— EXERCISE DATA —
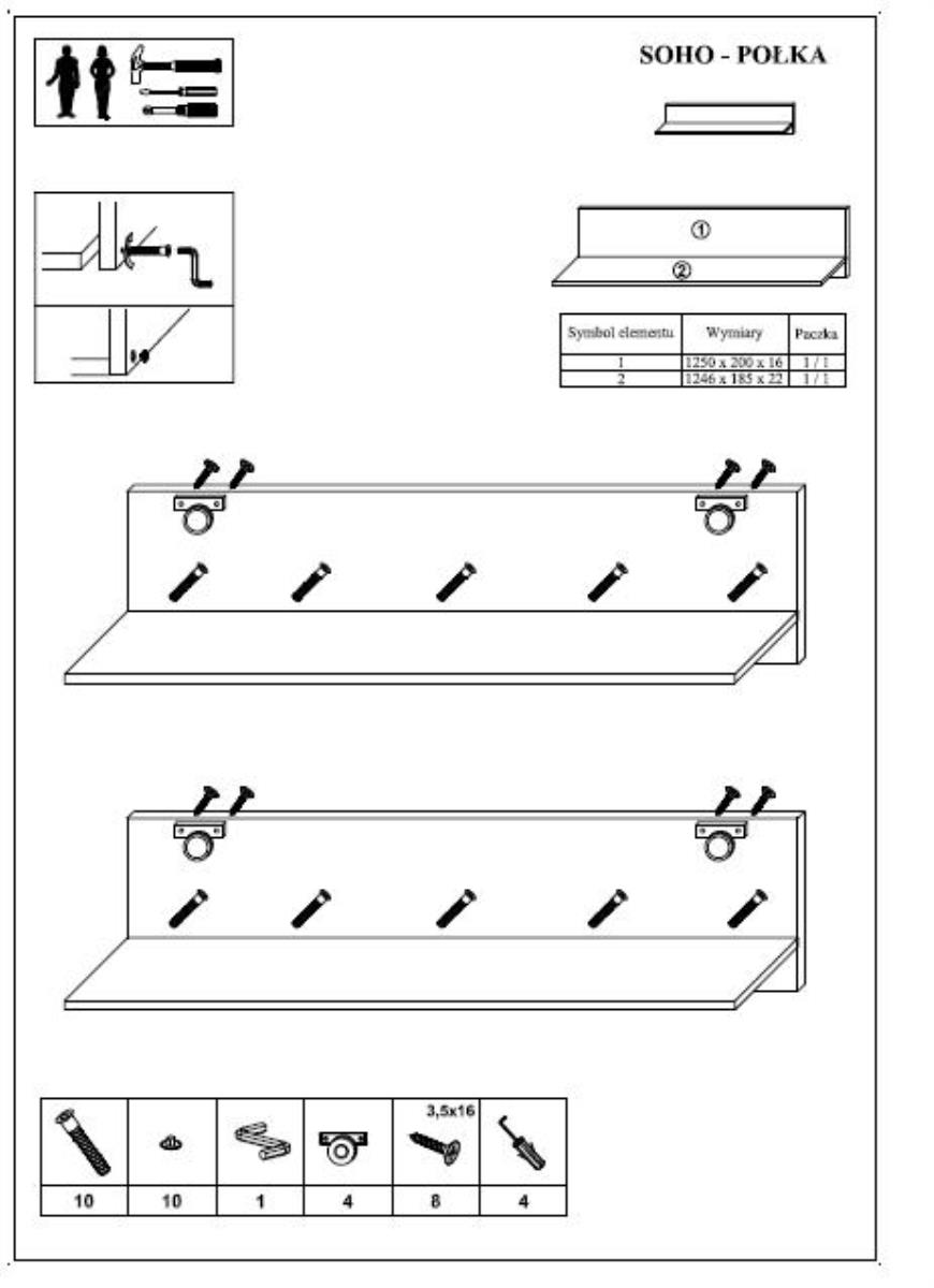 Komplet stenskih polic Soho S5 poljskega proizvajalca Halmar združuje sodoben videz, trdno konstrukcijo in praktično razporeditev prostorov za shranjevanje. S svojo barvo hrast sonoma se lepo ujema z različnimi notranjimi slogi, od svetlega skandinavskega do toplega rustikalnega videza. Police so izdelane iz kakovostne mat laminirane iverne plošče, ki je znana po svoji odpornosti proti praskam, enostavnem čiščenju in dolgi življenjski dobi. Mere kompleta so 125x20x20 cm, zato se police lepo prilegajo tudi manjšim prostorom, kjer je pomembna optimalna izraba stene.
==
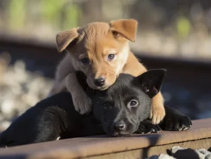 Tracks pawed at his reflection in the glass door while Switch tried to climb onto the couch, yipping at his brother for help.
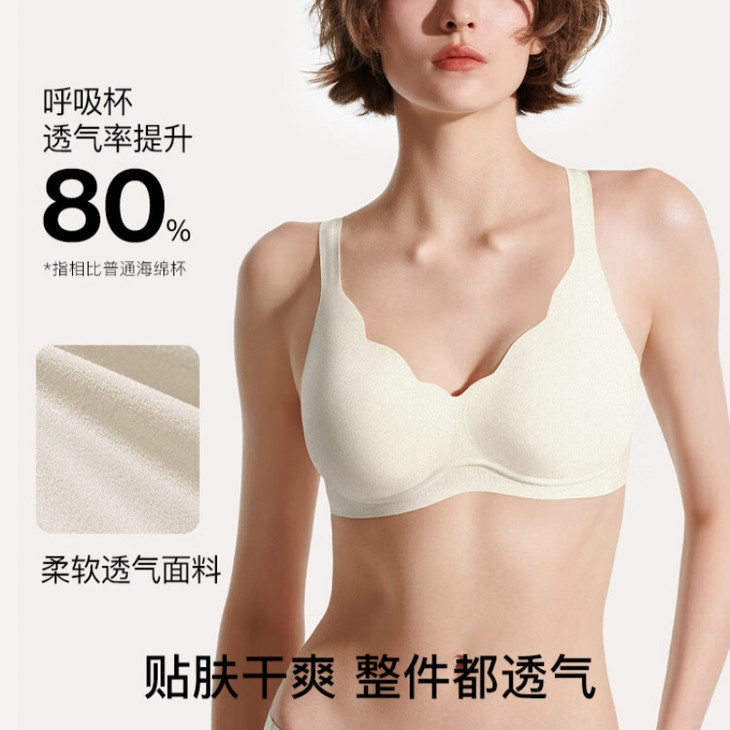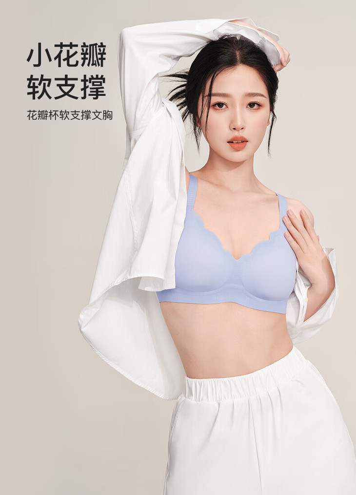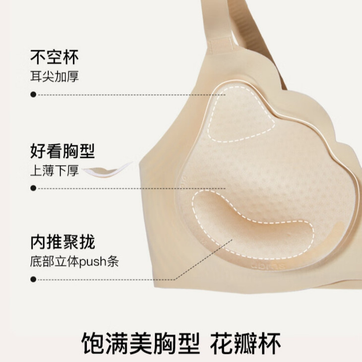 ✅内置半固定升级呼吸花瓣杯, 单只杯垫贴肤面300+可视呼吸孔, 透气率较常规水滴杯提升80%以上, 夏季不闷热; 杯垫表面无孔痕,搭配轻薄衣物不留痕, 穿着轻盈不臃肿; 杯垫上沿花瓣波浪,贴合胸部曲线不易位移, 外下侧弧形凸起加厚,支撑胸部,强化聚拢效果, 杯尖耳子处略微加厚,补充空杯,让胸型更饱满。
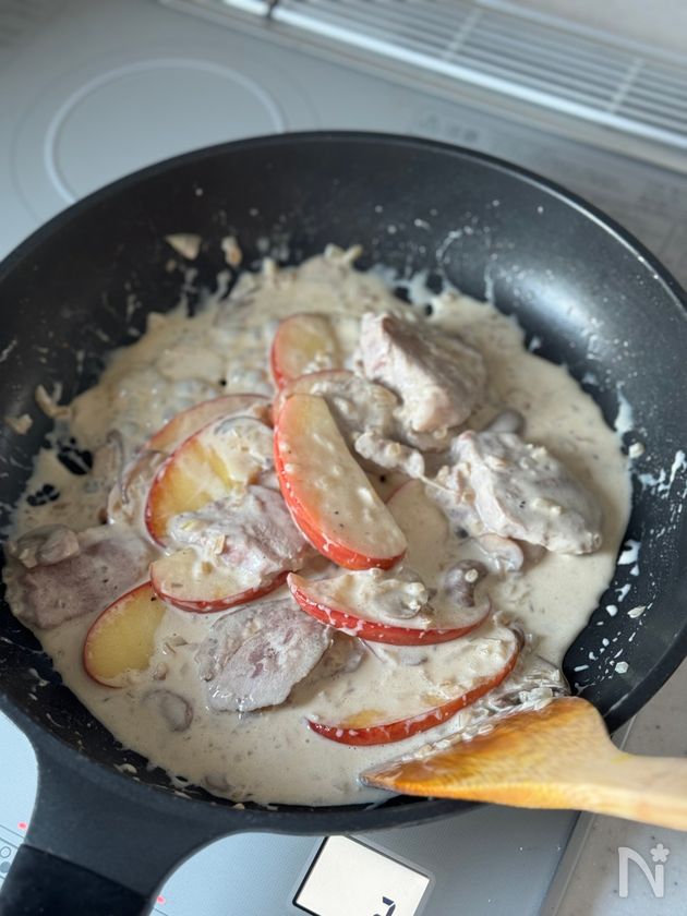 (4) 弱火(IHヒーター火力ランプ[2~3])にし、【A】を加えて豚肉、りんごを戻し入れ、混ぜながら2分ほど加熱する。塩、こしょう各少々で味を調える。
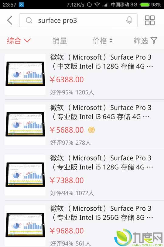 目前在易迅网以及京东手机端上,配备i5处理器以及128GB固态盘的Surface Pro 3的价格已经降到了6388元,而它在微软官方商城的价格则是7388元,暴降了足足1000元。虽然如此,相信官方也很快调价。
* * *
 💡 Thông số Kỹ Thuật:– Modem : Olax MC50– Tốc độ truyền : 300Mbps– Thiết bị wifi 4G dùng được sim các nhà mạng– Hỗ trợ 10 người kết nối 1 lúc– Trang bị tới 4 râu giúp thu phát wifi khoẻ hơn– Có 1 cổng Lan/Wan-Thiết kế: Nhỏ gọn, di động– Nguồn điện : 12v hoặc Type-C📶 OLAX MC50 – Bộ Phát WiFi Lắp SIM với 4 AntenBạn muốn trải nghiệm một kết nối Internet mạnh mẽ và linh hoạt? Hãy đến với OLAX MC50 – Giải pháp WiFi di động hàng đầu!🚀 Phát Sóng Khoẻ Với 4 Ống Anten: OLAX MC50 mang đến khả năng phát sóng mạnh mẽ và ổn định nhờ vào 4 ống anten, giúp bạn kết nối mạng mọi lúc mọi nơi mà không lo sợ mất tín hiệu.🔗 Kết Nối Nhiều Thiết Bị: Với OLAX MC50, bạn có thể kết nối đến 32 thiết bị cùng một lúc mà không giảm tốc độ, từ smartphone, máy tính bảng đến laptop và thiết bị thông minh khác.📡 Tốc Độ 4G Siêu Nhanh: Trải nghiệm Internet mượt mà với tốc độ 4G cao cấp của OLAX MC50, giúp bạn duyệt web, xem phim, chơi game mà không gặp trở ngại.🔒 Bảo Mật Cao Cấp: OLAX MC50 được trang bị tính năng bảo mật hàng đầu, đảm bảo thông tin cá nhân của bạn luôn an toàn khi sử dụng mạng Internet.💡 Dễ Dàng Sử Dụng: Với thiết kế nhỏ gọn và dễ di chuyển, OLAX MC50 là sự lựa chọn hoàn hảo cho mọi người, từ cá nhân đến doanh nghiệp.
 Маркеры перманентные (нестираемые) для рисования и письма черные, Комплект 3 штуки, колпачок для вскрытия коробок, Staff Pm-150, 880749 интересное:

— WHAT NEEDS TO BE DONE —
Using the entries shown above, reproduce verbatim the lines from the line bearing "đến doanh nghiệp." to the line bearing "Маркеры перманентные (нестираемые)", inclusive.

— TASK OUTPUT —
 💡 Thông số Kỹ Thuật:– Modem : Olax MC50– Tốc độ truyền : 300Mbps– Thiết bị wifi 4G dùng được sim các nhà mạng– Hỗ trợ 10 người kết nối 1 lúc– Trang bị tới 4 râu giúp thu phát wifi khoẻ hơn– Có 1 cổng Lan/Wan-Thiết kế: Nhỏ gọn, di động– Nguồn điện : 12v hoặc Type-C📶 OLAX MC50 – Bộ Phát WiFi Lắp SIM với 4 AntenBạn muốn trải nghiệm một kết nối Internet mạnh mẽ và linh hoạt? Hãy đến với OLAX MC50 – Giải pháp WiFi di động hàng đầu!🚀 Phát Sóng Khoẻ Với 4 Ống Anten: OLAX MC50 mang đến khả năng phát sóng mạnh mẽ và ổn định nhờ vào 4 ống anten, giúp bạn kết nối mạng mọi lúc mọi nơi mà không lo sợ mất tín hiệu.🔗 Kết Nối Nhiều Thiết Bị: Với OLAX MC50, bạn có thể kết nối đến 32 thiết bị cùng một lúc mà không giảm tốc độ, từ smartphone, máy tính bảng đến laptop và thiết bị thông minh khác.📡 Tốc Độ 4G Siêu Nhanh: Trải nghiệm Internet mượt mà với tốc độ 4G cao cấp của OLAX MC50, giúp bạn duyệt web, xem phim, chơi game mà không gặp trở ngại.🔒 Bảo Mật Cao Cấp: OLAX MC50 được trang bị tính năng bảo mật hàng đầu, đảm bảo thông tin cá nhân của bạn luôn an toàn khi sử dụng mạng Internet.💡 Dễ Dàng Sử Dụng: Với thiết kế nhỏ gọn và dễ di chuyển, OLAX MC50 là sự lựa chọn hoàn hảo cho mọi người, từ cá nhân đến doanh nghiệp.
 Маркеры перманентные (нестираемые) для рисования и письма черные, Комплект 3 штуки, колпачок для вскрытия коробок, Staff Pm-150, 880749 интересное:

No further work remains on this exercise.